Discovering Gene Groups

Searching by Keyword

Use hgnc_search_groups() to find gene groups by keyword:

# Search for kinase-related groups
kinase_groups <- hgnc_search_groups("kinase")

# View results
print(kinase_groups)

# How many groups found?
cat("Found", nrow(kinase_groups), "kinase-related groups\n")

# View group names
head(kinase_groups$gene_group_name, 10)

Common Search Terms

Here are some useful search terms for different domains:

# Cancer-related
cancer_groups <- hgnc_search_groups("cancer")
oncogene_groups <- hgnc_search_groups("oncogene")

# Immunology
immune_groups <- hgnc_search_groups("immune")
cytokine_groups <- hgnc_search_groups("cytokine")
chemokine_groups <- hgnc_search_groups("chemokine")

# Metabolism
metabolic_groups <- hgnc_search_groups("metabol")
enzyme_groups <- hgnc_search_groups("enzyme")

# Neuroscience
neuro_groups <- hgnc_search_groups("neuro")
receptor_groups <- hgnc_search_groups("receptor")

# Development
homeobox_groups <- hgnc_search_groups("homeobox")
transcription_groups <- hgnc_search_groups("transcription")

Browsing All Groups

# Get all gene groups (this may return many results)
all_groups <- hgnc_search_groups("")

# How many total groups?
cat("Total gene groups:", nrow(all_groups), "\n")

# View a random sample
set.seed(42)
sample_groups <- all_groups[sample(nrow(all_groups), 10), ]
print(sample_groups[, c("gene_group_name", "gene_group_id")])

Getting Group Members

Basic Group Retrieval

Use hgnc_group_members() to get all genes in a specific group:

# Get members of a specific group by name
kinase_members <- hgnc_group_members("Protein kinases")

# View basic information
cat("Number of protein kinases:", nrow(kinase_members), "\n")

# View first few members
head(kinase_members[, c("symbol", "name", "hgnc_id")])

# Get members by group ID
# aurora_kinases <- hgnc_group_members("588")

Exploring Group Members

# Get detailed information about group members
kinase_members <- hgnc_group_members("Protein kinases")

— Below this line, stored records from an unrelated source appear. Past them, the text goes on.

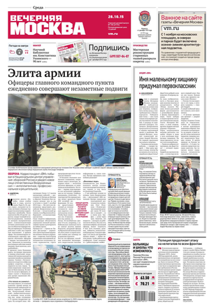 «Вечерняя Москва» — ежедневная российская вечерняя газета, старейшее из вечерних изданий в России, учрежденное в 1923 году. Выходит пять дней в неделю, кроме субботы и воскресенья. Отличается тем, что рассказывает о событиях еще не завершившегося дня. Оперативно освещает хронику и особенности жизни Москвы, охватывает все слои общества и большинство профессиональных и возрастных групп читателей.Издание представлено тремя выпусками – утренним ежедневным, вечерним (выходит три раза в неделю), еженедельным (выходит по четвергам).
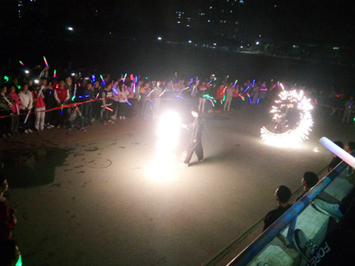 荧光夜跑,挥洒青春 ——a片网 举办“荧光夜跑”活动 “烟火舞”双截棍表演 大家挥舞荧光棒一,一起奔跑 为了展现工大学子的阳光和活力,锻炼同学们的身体素质和推进我校阳...
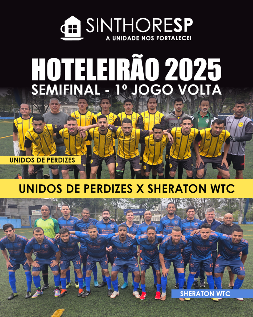 O Hoteleirão 2025, campeonato de futebol promovido pelo Sinthoresp, teve neste sábado, 11 de outubro de 2025, o 1º jogo de volta das semifinais, no CDC Anhanguera. Em partida equilibrada e muito disputada, Unidos de Perdizes e Sheraton WTC ficaram no 1 a 1.

# What fields are available?
colnames(kinase_members)

# View symbols
kinase_symbols <- kinase_members$symbol
cat("Kinase symbols:\n")
head(kinase_symbols, 20)

# Export to file for further analysis
# write.csv(kinase_members, "protein_kinases.csv", row.names = FALSE)

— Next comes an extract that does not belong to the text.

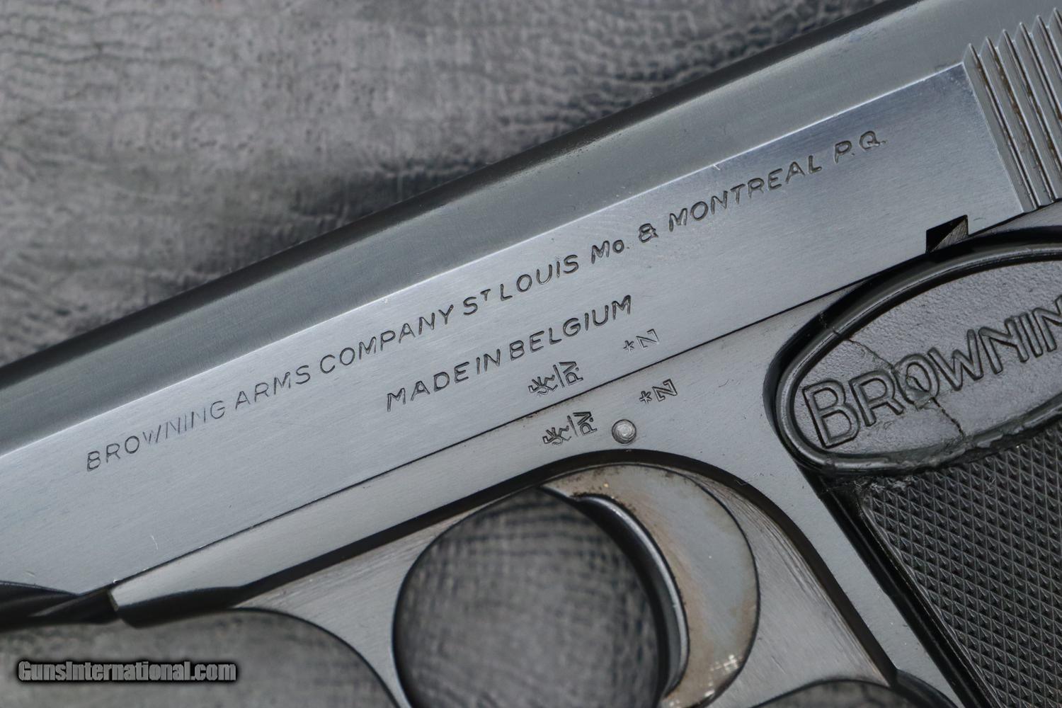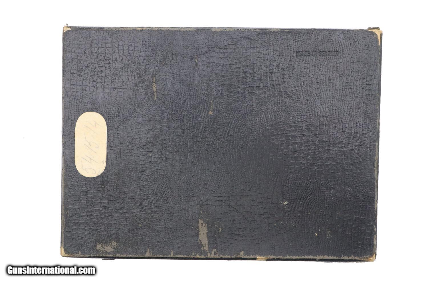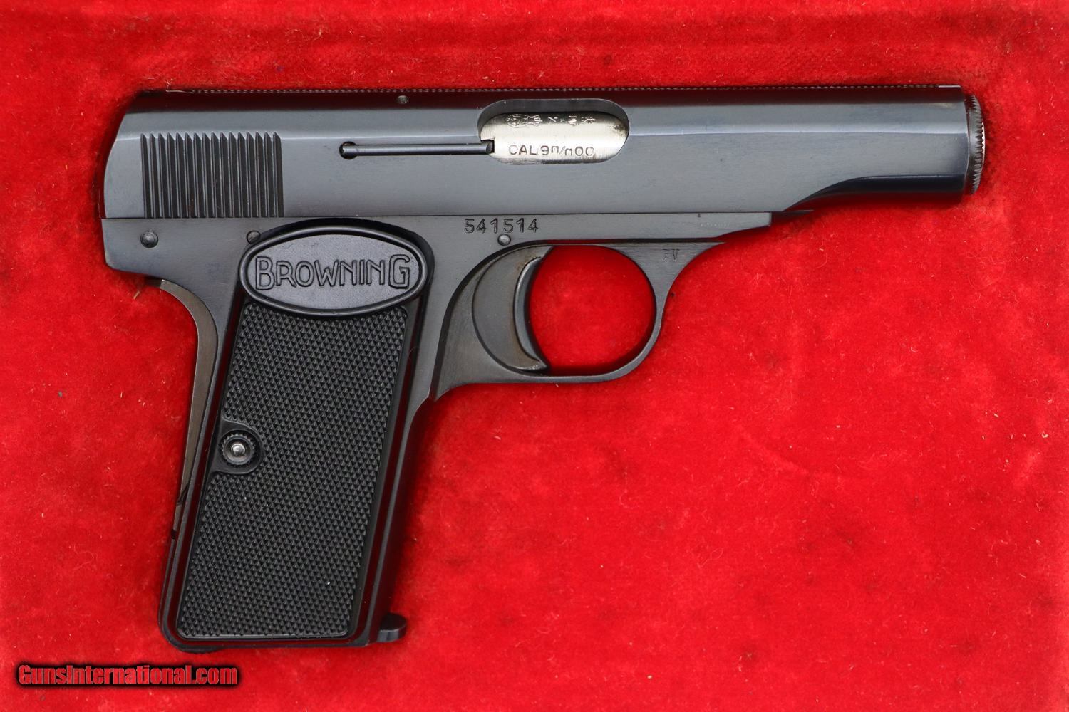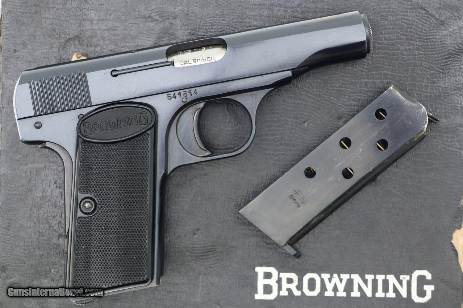 Description: Synopsis: Classic FN Browning 1910 Pistol, sometimes referenced as the 1955, the model used to shoot Archduke Franz Ferdinand, this example near new, excepting cracked grip, in factory display box. Description: Standard configuration FN 1910 pocket pistol, .380 ACP, a single action striker fired pistol, with fixed sights separated by a matted channel. Manufacturer reference and location on left side of slide, caliber marked on exposed chamber hood, full serial number on right side of frame, fitted with Browning logo black plastic grips, and correct FN marked magazine. Complete with factory red display case, lid marked Browning, with red interior recess for pistol, and matching serial number on bottom of case. Condition: Pistol is EXC+, with just a few tiny nicks on the left side of slide near the muzzle and hairline cracks on the left grip, near top, as carefully imaged. Mirror bore. Perfect manual mechanics. The box is G/VG with moderate shelf wear, peeling, and corner repairs. A classic and very nice looking FN 1910, whose appearance could be easily upgraded by replacing the left grip, replacements readily available. ~~Insured shipping fee of $45; most packages shipped using FedEx 2nd Day.~~ SOLD Curio/Relic: Yes Manufacturer: Browning Serial Number: 541514 Caliber Info: .380 ACP |

Building Gene Panels from Groups

Example 1: DNA Repair Genes

# Search for DNA repair groups
dna_repair_groups <- hgnc_search_groups("DNA repair")

# View available groups
print(dna_repair_groups$gene_group_name)

# Get members from multiple related groups
# For this example, let's get Fanconi anemia genes
fanconi_genes <- hgnc_group_members("Fanconi anemia")

# Build a panel
fanconi_panel <- fanconi_genes$symbol

cat("Fanconi anemia panel (", length(fanconi_panel), " genes):\n", sep = "")
cat(paste(fanconi_panel, collapse = ", "), "\n")

# Validate the panel
validation <- hgnc_validate_panel(fanconi_panel)
cat("\nValidation status:", validation$summary$status, "\n")

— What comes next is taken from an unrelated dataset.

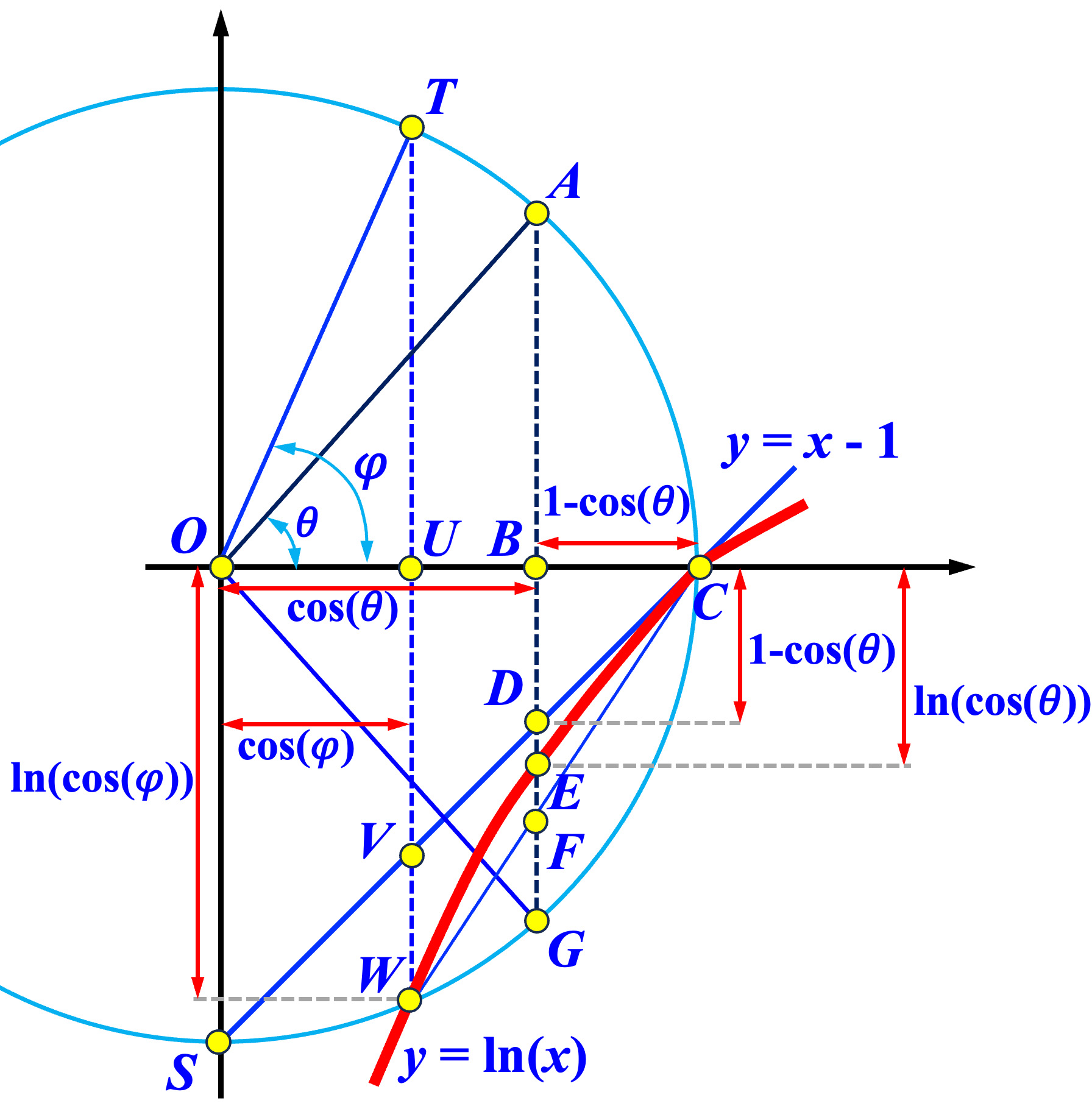 Let \( \varphi = \angle TOU \). Let \( A \) be a point on the unit circle. If \( \theta = \angle AOC > \varphi \), the line through \( A \) and perpendicular to \( \overleftrightarrow{OC} \) does not interset the curve of \( \ln() \) in \( \bigtriangleup CVW \). Hence, we are safe to assume that \( \theta \leq \varphi \). Let the line through \( A \) and perpendicular to \( \overleftrightarrow{OC} \) meeting \( \overleftrightarrow{OC} \), \( \overleftrightarrow{SC} \), the curve of \( \ln() \), \( \overleftrightarrow{WC} \) and the unit circle (again) at \( B \), \( D \), \( E \), \( F \) and \( G \). In this way, we have the following: $$ \begin{eqnarray*} \overline{OB} &=& \cos(\theta) \\ \overline{BC} &=& \overline{BD} = 1-\cos(\theta) \\ \overline{BE} &=& |\ln(\overline{OB})| = |\ln(\cos(\theta))| \end{eqnarray*} $$
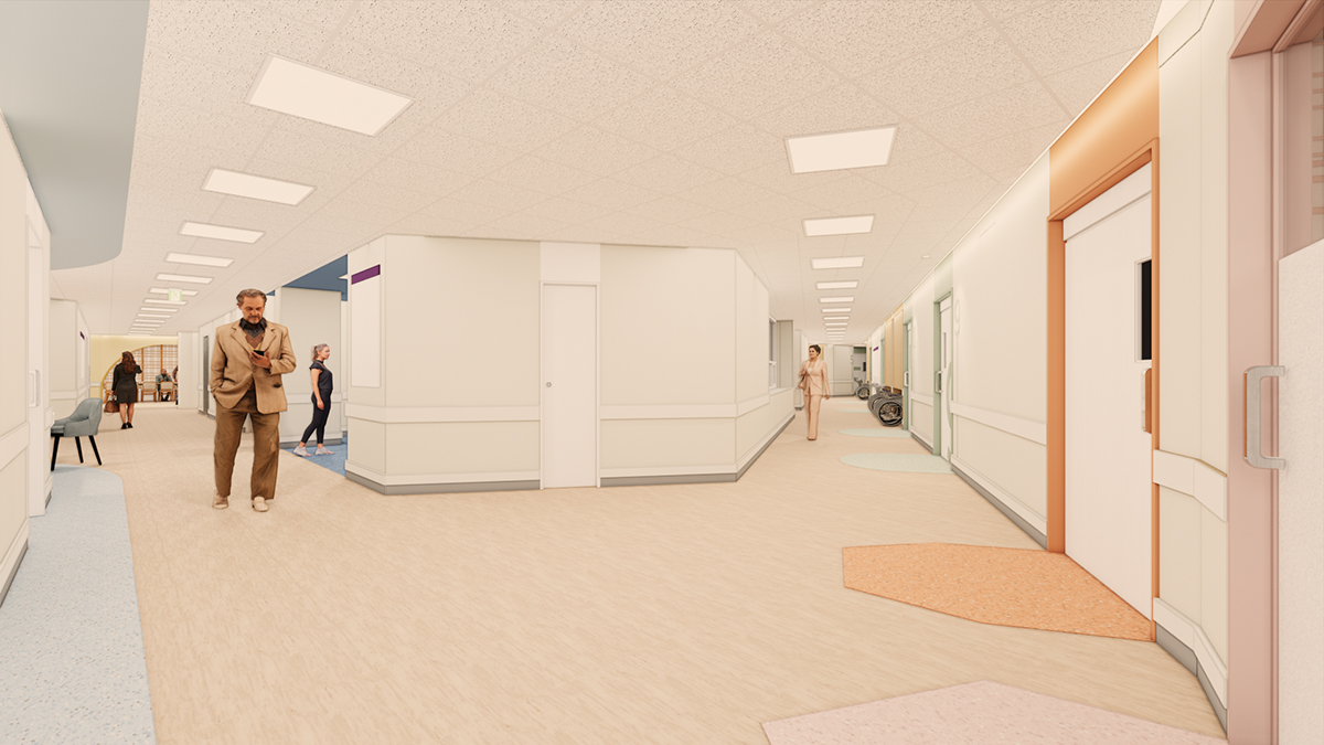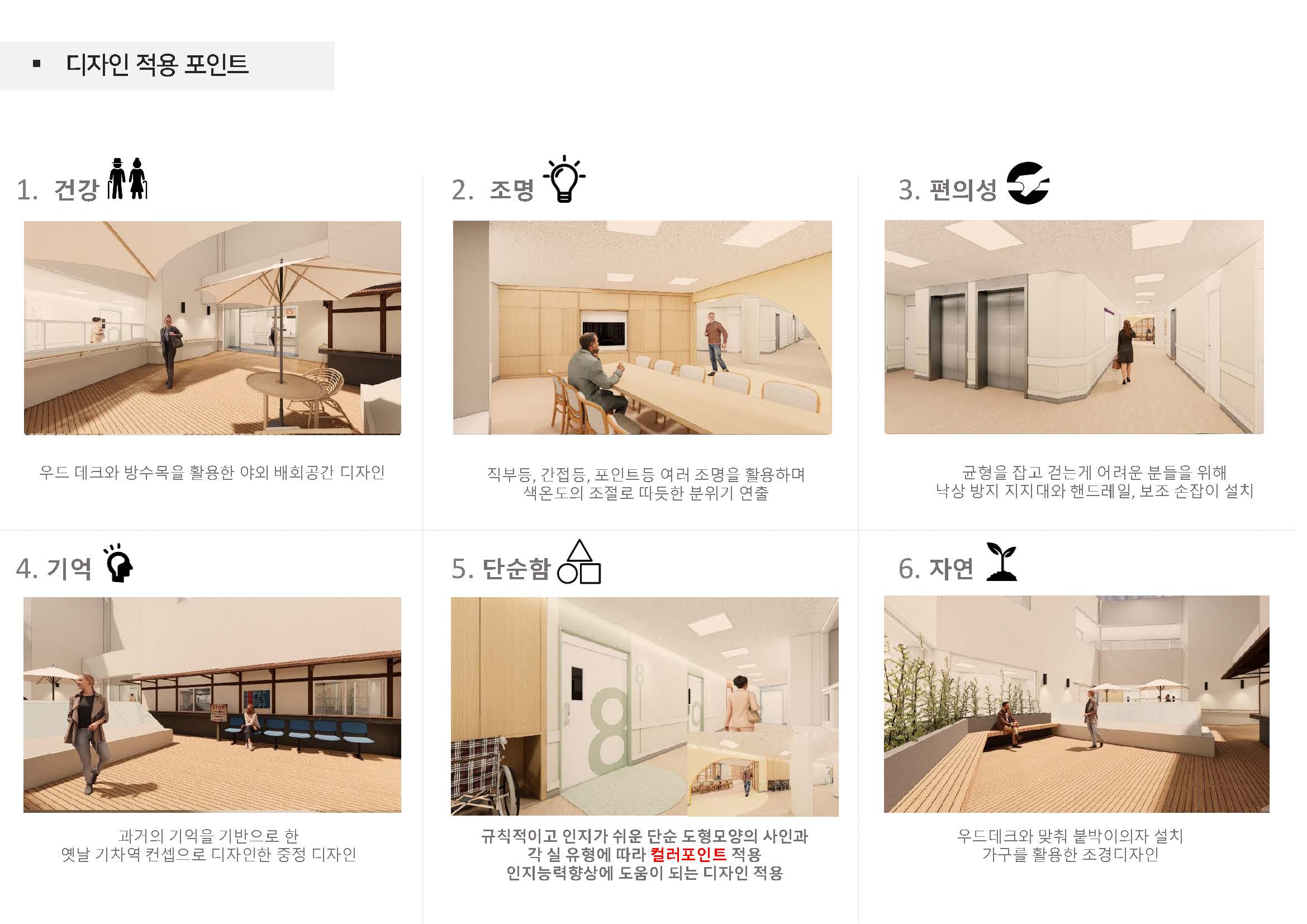 셋째, 조명, 색채, 영상, 음향설비 등을 통한 감각적 환경으로 병동을 구성하여 치매환자 치료에 도움이 되는 환경 제공이 있습니다.

Example 2: Combining Multiple Groups

# Build a comprehensive cancer panel from multiple groups

# Get oncogenes
oncogene_groups <- hgnc_search_groups("oncogene")
# Assuming we find a specific group:
# oncogenes <- hgnc_group_members("Oncogenes")$symbol

# Get tumor suppressors
ts_groups <- hgnc_search_groups("tumor suppressor")
# tumor_suppressors <- hgnc_group_members("Tumor suppressors")$symbol

# Combine into comprehensive panel
# cancer_panel <- unique(c(oncogenes, tumor_suppressors))
# cat("Comprehensive cancer panel:", length(cancer_panel), "genes\n")

Example 3: G Protein-Coupled Receptors

# GPCRs are a large and important gene family
gpcr_groups <- hgnc_search_groups("G protein-coupled receptor")

# View GPCR-related groups
print(gpcr_groups$gene_group_name)

# Get members of a specific GPCR subfamily
# For example, chemokine receptors
chemokine_receptors <- hgnc_group_members("Chemokine receptors")

cat("Chemokine receptors (", nrow(chemokine_receptors), "):\n", sep = "")
print(chemokine_receptors[, c("symbol", "name", "location")])

Working with Gene Families

Example: Nuclear Receptor Superfamily

# Nuclear receptors are important transcription factors
nr_groups <- hgnc_search_groups("nuclear receptor")

# Get nuclear receptor subfamily
# nuclear_receptors <- hgnc_group_members("Nuclear receptors")

# Explore subgroups
# cat("Nuclear receptor subgroups:\n")
# unique(nuclear_receptors$gene_group)

Example: Immunoglobulin Genes

# Search for immunoglobulin groups
ig_groups <- hgnc_search_groups("immunoglobulin")

# View results
print(ig_groups$gene_group_name)

# Get members
# ig_heavy <- hgnc_group_members("Immunoglobulin heavy chain")
# ig_light_kappa <- hgnc_group_members("Immunoglobulin kappa light chain")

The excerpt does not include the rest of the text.